Biology department announces fall quarter seminars

The biology department at Western Washington University has announced a spate of seminars planned for fall quarter. All seminars begin at 4 p.m. in Biology Building Room 234 and are free and open to the public.

  • Sept. 21: “Aging Children and Sterile Yeasts,” by Sandra Schulze, an assistant professor in the WWU biology department.
  • Sept. 28: “Who's Texting the Pollen Tubes? The Role of PRP/TTS Proteins in Pollen-Pistil Communication,” by Anu Singh-Cundy, an associate professor in the WWU biology department.
  • Oct. 5: “Yellow crazy ants on a sugar high: novel mutualisms with a native species amplify the negative consequences of an ant invasion for Samoan arthropod communities,” by Amy Savage, Ph.D, Ecology and Evolutionary Biology, Rice University, Houston, and a WWU biology alumna (Host: Merrill Peterson).

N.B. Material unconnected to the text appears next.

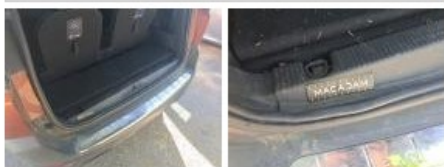
Garnit. int G coffre, Griffe(s), Acceptable

  • Oct. 12: “Flies, worms and bacteria: ecology and evolution of defensive symbiosis,” by Steve Perlman, an assistant professor in the department of biology at the University of Victoria in Victoria, British Columbia, Canada (Host: Dietmar Schwarz).
  • Oct. 19: "Mapping the Metabolic Landscape of Huntington's Disease," by Jeff Carroll of the WWU Behavioral Neuroscience Program (Host: Janet Finlay, Behavioral Neuroscience).